I first tried simplifying the sum $$\sum_{k=1}^{n}   \sin \left (\frac{\pi k}{n} \right)  \varphi(k)$$ by converting to exponentials: $\sin(x) = \dfrac{e^{ix}-e^{-ix}}{2i}$, so the sum is $$\sum_{k=1}^{n}   \sin \left (\frac{\pi k}{n} \right)  \varphi(k) = \sum_{k=1}^n \dfrac{e^{i \cdot \frac{\pi k}{n}}-e^{-i \cdot \frac{\pi k}{n}}}{2i} \varphi(k),$$ but I didn't see how to use this to simplify the sum. How can we calculate the limit?

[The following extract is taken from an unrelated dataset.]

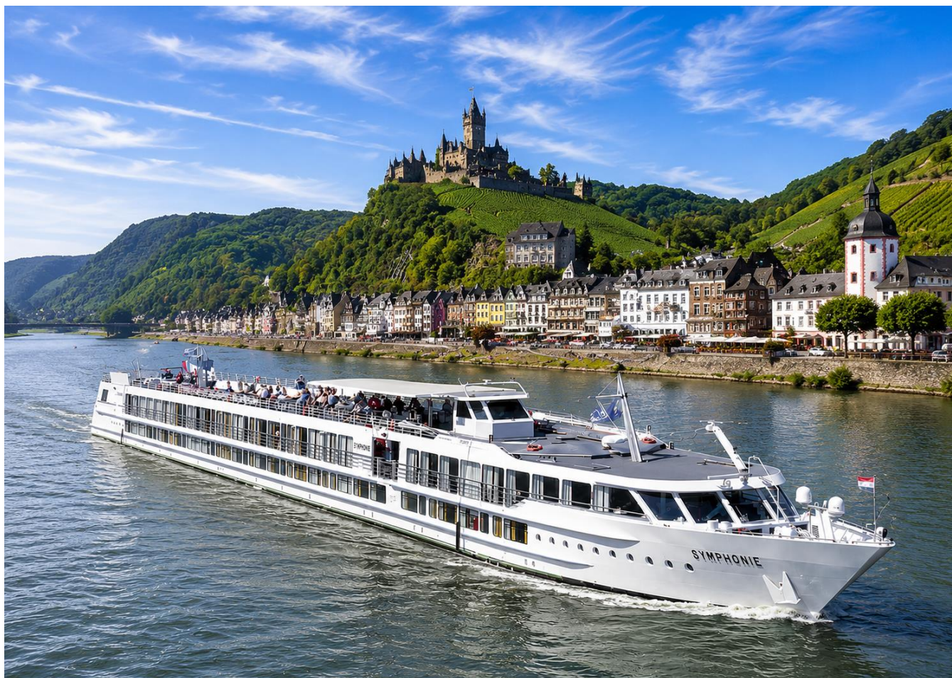
Cruzeiro Fluvial navegando no Rio Reno

 A: We know that $$\sum_{k\leq n}\phi\left(k\right)=\frac{3}{\pi^{2}}n^{2}+O\left(n\log\left(n\right)\right)$$ hence using Abel's summation $$\sum_{k=1}^{n}\sin\left(\frac{\pi k}{n}\right)\phi\left(k\right)=-\frac{\pi}{n}\int_{1}^{n}\left(\sum_{k\leq t}\phi\left(k\right)\right)\cos\left(\frac{\pi t}{n}\right)dt$$ $$=-\frac{3}{n\pi}\int_{1}^{n}t^{2}\cos\left(\frac{\pi t}{n}\right)dt+O\left(\frac{1}{n}\int_{1}^{n}t\log\left(t\right)dt\right).$$ Now we can observe, integrating by parts, that $$-\frac{3}{n\pi}\int_{1}^{n}t^{2}\cos\left(\frac{\pi t}{n}\right)dt=\frac{3\pi^{2}\sin\left(\frac{\pi}{n}\right)-6n^{2}\sin\left(\frac{\pi}{n}\right)+6\pi n^{2}+6\pi n\cos\left(\frac{3\pi}{n}\right)}{\pi^{4}}$$ and $$O\left(\frac{1}{n}\int_{1}^{n}t\log\left(t\right)dt\right)=O\left(n\left(2\log\left(n\right)-1\right)\right)$$ hence $$\lim_{n\rightarrow\infty}\frac{1}{n^{2}}\sum_{k=1}^{n}\sin\left(\frac{\pi k}{n}\right)\phi\left(k\right)=\color{red}{\frac{6}{\pi^{3}}}.$$
A: By this paper by Omran Kouba we get the following theorem.
Theorem. Let $\alpha$ be a positive real number, and let $(a_n)_{n \geq 1}$ be a sequence of real numbers such that $$\lim_{n \to \infty}\dfrac{1}{n^{\alpha}} \sum_{k=1}^n a_k = L.$$ Then, for every continuous function $f$ on the interval $[0,1]$, we have $$\lim_{n \to \infty}\dfrac{1}{n^{\alpha}}\sum_{k=1}^n f\left(\dfrac{k}{n}\right)a_k = L \int_{0}^1 \alpha x^{\alpha-1}f(x)dx.$$
Then $$\lim_{n \to \infty}\dfrac{1}{n^2}\sum_{k=1}^n \sin\left(\dfrac{\pi k}{n}\right)\varphi(k) = \left(\lim_{n \to \infty}\dfrac{1}{n^2}\sum_{k=1}^n \varphi(k)\right)\left(\int_{0}^1 2x\sin(x)dx\right).$$ It is well-known that $\displaystyle \lim_{n \to \infty}\dfrac{1}{n^2}\sum_{k=1}^n \varphi(k) = \dfrac{3}{\pi^2}$, so the limit in question is $$\dfrac{6}{\pi^2}\int_{0}^1 x\sin(\pi x)dx = \dfrac{6}{\pi^3}.$$